Evaluation of protocol B on more plant species and genotypes validation
To test the universality of our protocol and the restriction enzymes on more plant species, we used Protocol B to construct libraries for P. edulis and A. semialata which represent two subfamilies of Gramineae (Bambusoideae and Panicoideae). We first inspected library quality. The ultimate library concentration was between 20–30 ng/ul, and fragments distribution was well within the expected range when screened by the agarose gel electrophoresis. Both libraries met the qualification for sequencing.
Then we conducted the data quality analysis of both P. edulis and A. semialata as shown in Table 5. Both P. edulis and A. semialata yielded more than 8 Mb raw reads (i.e. ~2 Gb raw data) with ~52 % GC-content; read1 containing correct restriction sites accounted 96.08–97.94 % of raw reads and read2 containing the correct restriction sites accounted for 94.85–96.39 %; read1 had 1.19–2.32 % adapter reads while read2 had 2.45–3.96 % adapter reads. Raw reads of P. edulis and A. semialata both had an average base Quality Score larger than 20, and Quality Score of bases of restriction enzyme cutting site was larger than 30.

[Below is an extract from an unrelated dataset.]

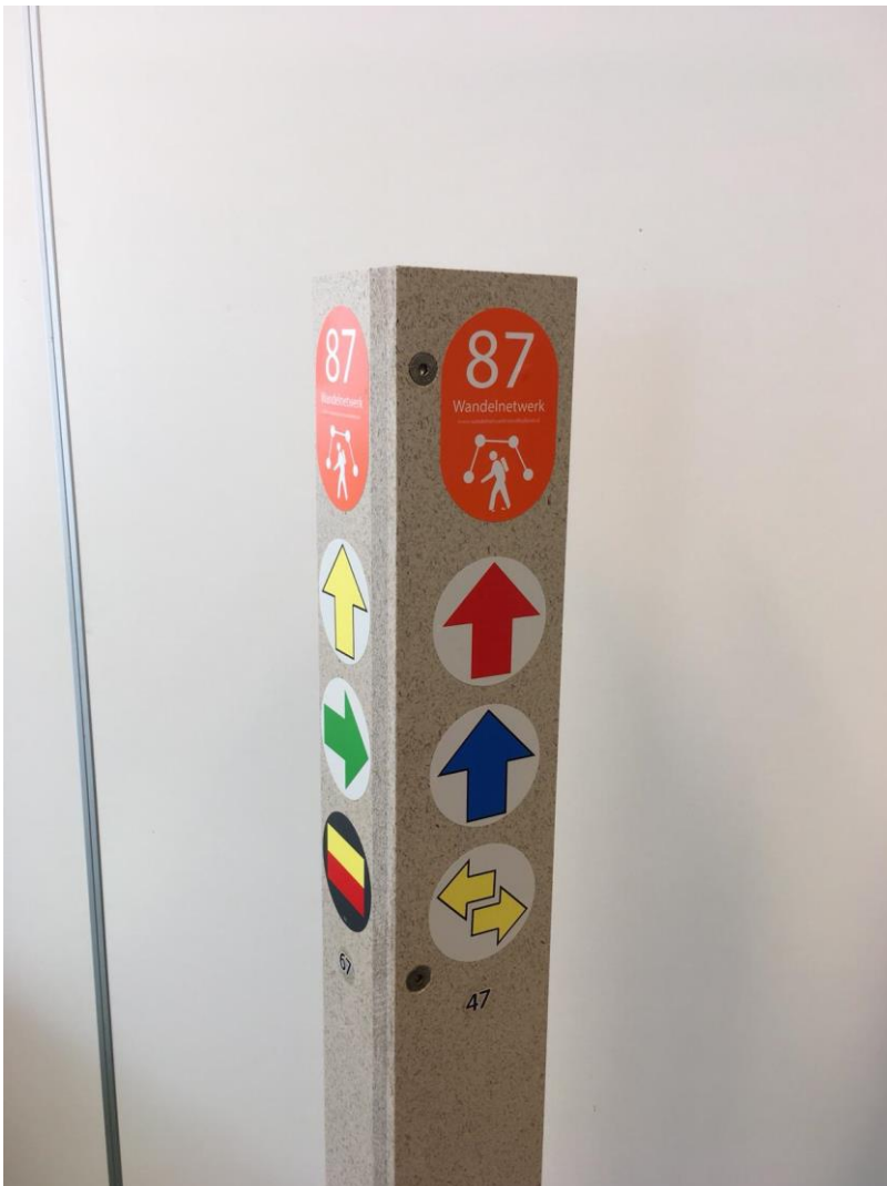
De Gooi en Vechtstreek wil via Circulair Inkoop het hele toeristische wandelroutenetwerk bewegwijzeren met 100% circulaire routepalen

Een aantal gemeenten heeft al een start gemaakt met circulair inkopen, waardoor er goede voorbeelden van geslaagde aanbestedingen voorhanden zijn. Van een MRA-brede aanpak is echter nog geen sprake. Indien deze afstemming tussen de 36 partners van de grond komt, geeft dit een belangrijke impuls aan het ontwikkelen van een omvangrijk circulaire inkoopprogramma.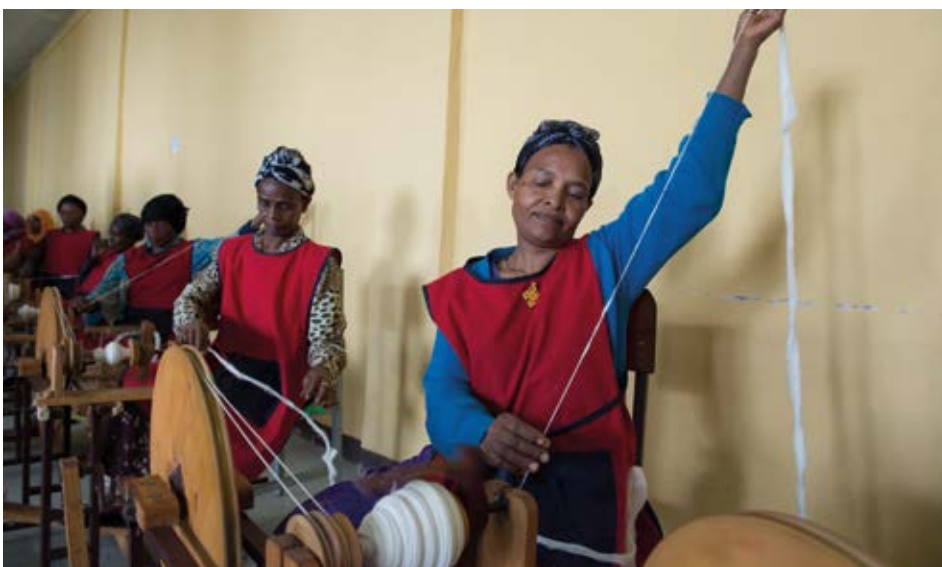
Auszubildende des Programms „Connecting 1,500 Women and Girls to the Export Market“ in Addis Ababa, Äthiopien, am Tag des Besuchs von UN-Generalsekretär Ban Ki-moon am 15. Juli 2015. Im Rahmen des Programms werden Frauen und Mädchen in handwerklichen Fertigkeiten ausgebildet wie Sattlerei, Weberei, Korbflechterei, Stickerei, Schmucksteinherstellung und Spinnerei.

Von Bedeutung ist auch die im Jahr 2000 von der Generalversammlung verabschiedete Millenniums-Erklärung. Die Erklärung zeigt, dass die Gleichstellung der

Next, we mapped clean reads of P. edulis onto the P. edulis genome scaffolds, CDS-DNA, and repeats region and clean reads of A. semialata onto the sorghum genome scaffolds, CDS-DNA, and repeats region respectively. For P. edulis, overall scaffolds mapping rate was 79.93–83.80 %, reads hits to the CDS-DNA accounted 2.38–2.87 % (Table 3). Yet reads localization on the repeats region accounted for 0.11–0.17 %. For A. semialata, the overall scaffolds alignment rate was 3.37–3.71 %, reads hits to the CDS-DNA accounted 1.08–1.11 %. Yet reads localization on the repeats region accounted for 0.00–0.22 %. Overall scaffolds alignment rate is relatively low for A. semialata is because of the sequence differences between A. semialata and Sorghum bicolor.
At last, clean data of both individuals were clustered into tags. The number of tags obtained from P. edulis was 128,803 with an average depth 30.18X which correlated well with the expectation. While A. semialata got 98,869 tags, with an average depth of 96.18X which was not within expectation as the sorghum genome was used as the reference. Since P. edulis has an average genome size of ~2000 Mb and A. semialata has an average genome size of ~600 Mb (personal communications with Ms. Yang Yang), the tags we got accounted for 1.80 % of the P. edulis nuclear genome and 4.61 % of the A. semialata nuclear genome.
To verify how genotyping accuracy is maintained in the MiddRAD protocol, we have recently constructed a linkage map of D. latiflorus (Guoqian Yang et al., unpublished data) according to MiddRAD protocol and got a high-quality map of 2365 markers with an average map distance 1.56 cM. The 36 linkage groups generated were corresponding to the 36 haploid chromosomes of D. latiflorus and 52 of the 55 selected genotypes (94.55 %) were agreed with independent Sanger sequencing results (Additional file 2: Table S3). We believe that genotypes from MiddRAD-seq derived data should be of high genotyping accuracy as the fundamental of constructing a high-quality linkage map with tight map distances are the correct genotypes of most markers/loci [22, 45].
Evaluation of shortened adapters and new barcodes
To evaluate the shortened adapters and redesigned barcodes, we constructed four MiddRAD sub-libraries containing 40 D. latiflorus individuals and sequenced the final library with a single Illumina lane. We used the double index strategy to distinguish each individual, which means each individual was identified by a unique barcode and index as the original ddRAD protocol implemented. We performed analysis of data generated by each barcode and found that each barcode and adapter could produce a relatively large amount of data with average 9,451,891 reads and CV value 0.0021–0.2381 (Fig. 5a). In addition, each sub-library could produce comparable amounts of data with a mean of 94,946,435 reads and CV value 0.0587 (Fig. 5b). This suggests that the newly designed barcodes and shortened P1 adapters are of high efficiency.
Phylogenetic tree construction of three bamboo species
Maximum likelihood phylogenetic reconstruction is fully resolved with high support for all clades (2532 SNPs) (see Fig. 6). Two clades were found: the first contains the genus Dendrocalamus (100 % Bootstrap). D. latiflorus individual 1 is sister to D. latiflorus individual 2. In the second clade, P. rubicunda is sister to P. vivax (100 % Bootstrap), which themselves form a monophyletic clade (100 % Bootstrap). The relationships between two genera are well resolved and the topology of the two genera in our tree agrees well with current taxonomy [38, 39]. One additional RAxML analysis using alternatives data set (1005 SNPs) from Stacks analyses displayed identical topology and minor changes in branch lengths (Additional file 2: Figure S4).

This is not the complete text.